* **Source material**:
'''

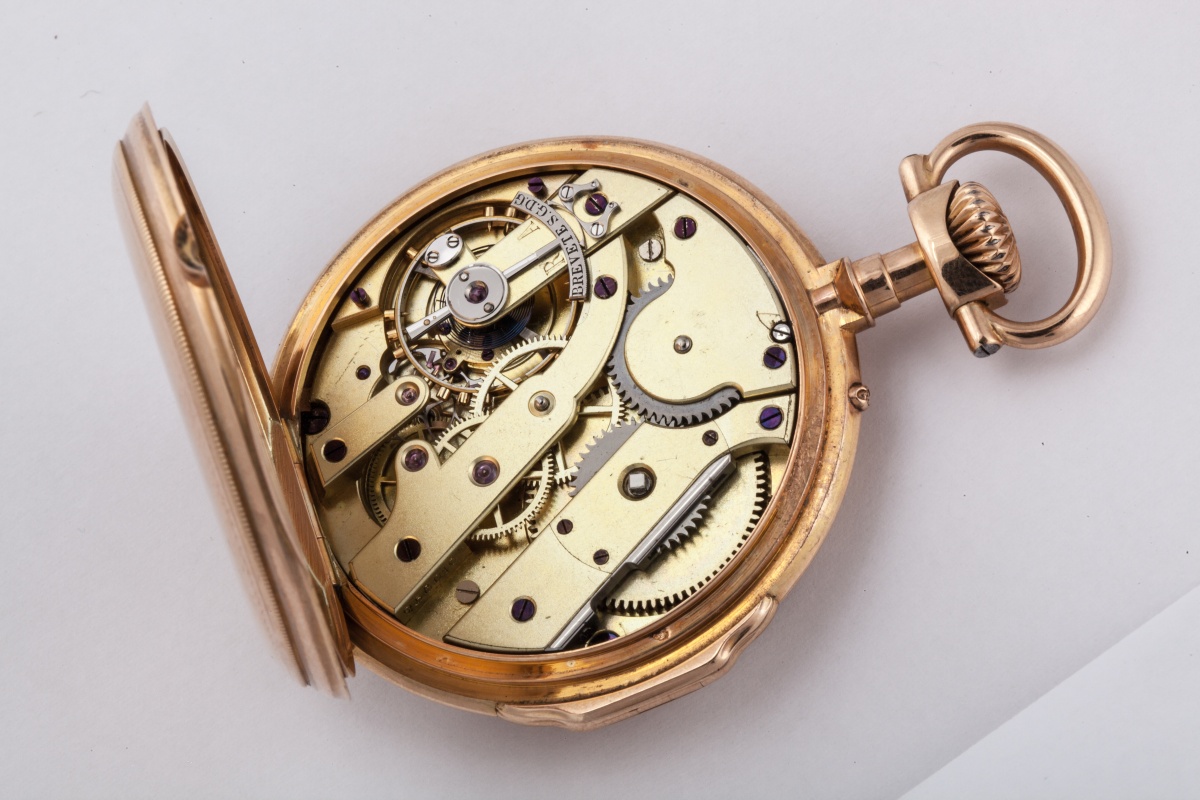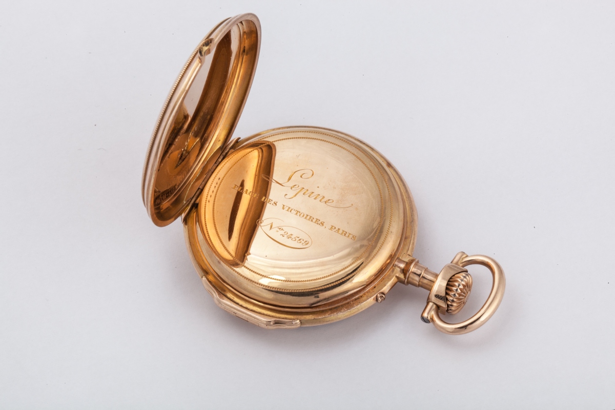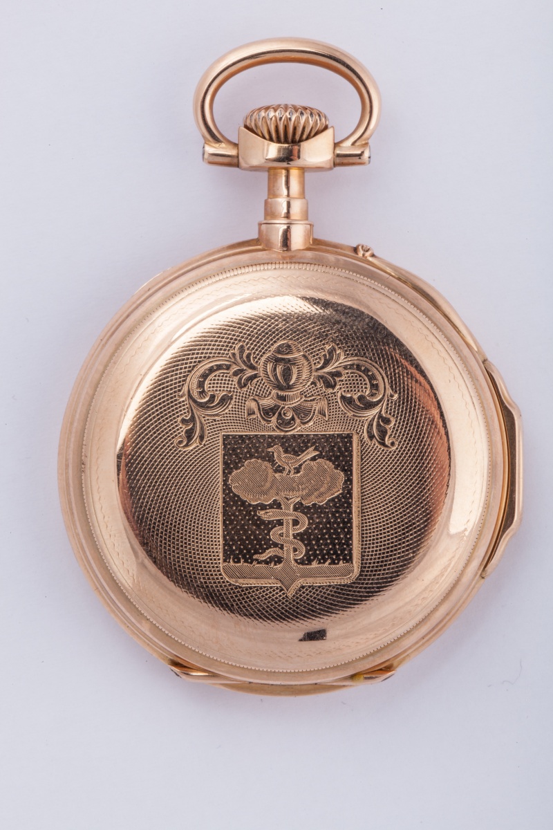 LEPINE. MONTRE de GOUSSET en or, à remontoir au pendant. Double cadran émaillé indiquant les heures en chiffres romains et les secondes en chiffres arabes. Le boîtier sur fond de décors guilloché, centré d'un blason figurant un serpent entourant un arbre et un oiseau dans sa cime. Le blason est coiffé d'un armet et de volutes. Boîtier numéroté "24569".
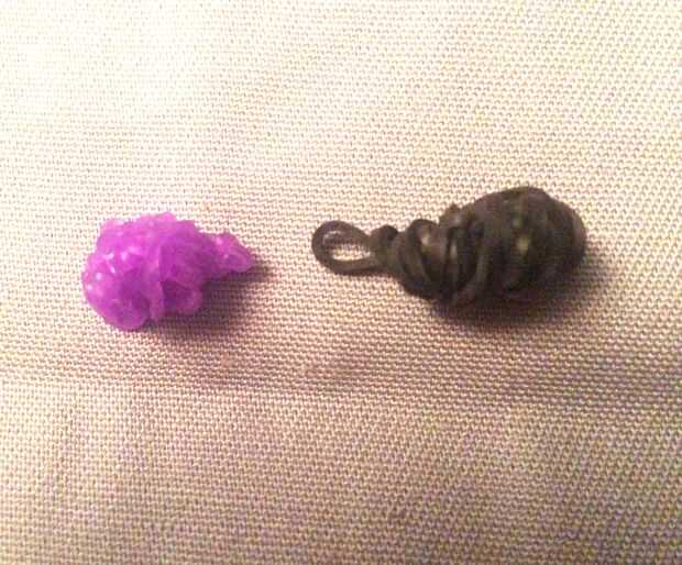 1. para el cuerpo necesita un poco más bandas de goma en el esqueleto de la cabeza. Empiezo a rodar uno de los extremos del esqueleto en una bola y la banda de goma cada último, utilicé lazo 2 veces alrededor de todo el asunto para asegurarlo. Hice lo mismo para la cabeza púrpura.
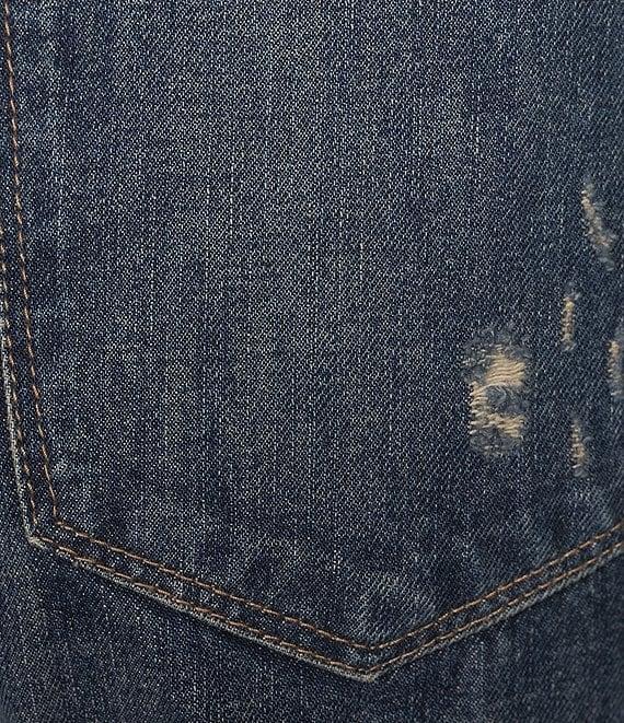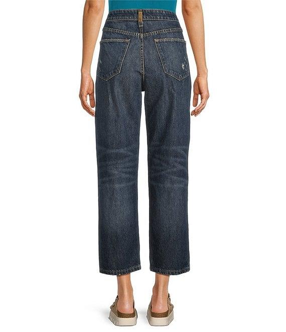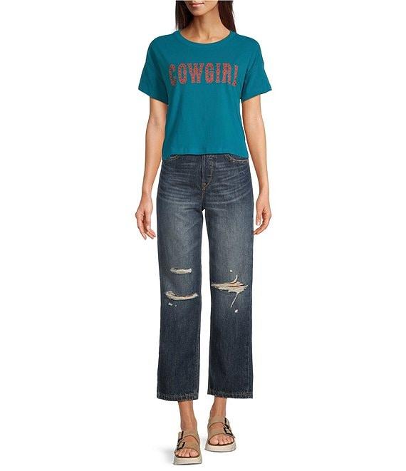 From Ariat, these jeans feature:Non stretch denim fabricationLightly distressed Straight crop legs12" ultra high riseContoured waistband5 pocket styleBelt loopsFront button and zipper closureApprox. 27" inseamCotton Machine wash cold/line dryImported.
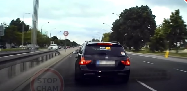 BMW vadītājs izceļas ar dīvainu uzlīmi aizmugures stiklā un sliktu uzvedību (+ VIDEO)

'''

* **Required work**:
Please copy the lines above, starting at the one that holds "1. para el cuerpo" and stopping after the last line, exactly as they appear and minus the pictures.

* **Answer for the task**:
 1. para el cuerpo necesita un poco más bandas de goma en el esqueleto de la cabeza. Empiezo a rodar uno de los extremos del esqueleto en una bola y la banda de goma cada último, utilicé lazo 2 veces alrededor de todo el asunto para asegurarlo. Hice lo mismo para la cabeza púrpura.
 From Ariat, these jeans feature:Non stretch denim fabricationLightly distressed Straight crop legs12" ultra high riseContoured waistband5 pocket styleBelt loopsFront button and zipper closureApprox. 27" inseamCotton Machine wash cold/line dryImported.
 BMW vadītājs izceļas ar dīvainu uzlīmi aizmugures stiklā un sliktu uzvedību (+ VIDEO)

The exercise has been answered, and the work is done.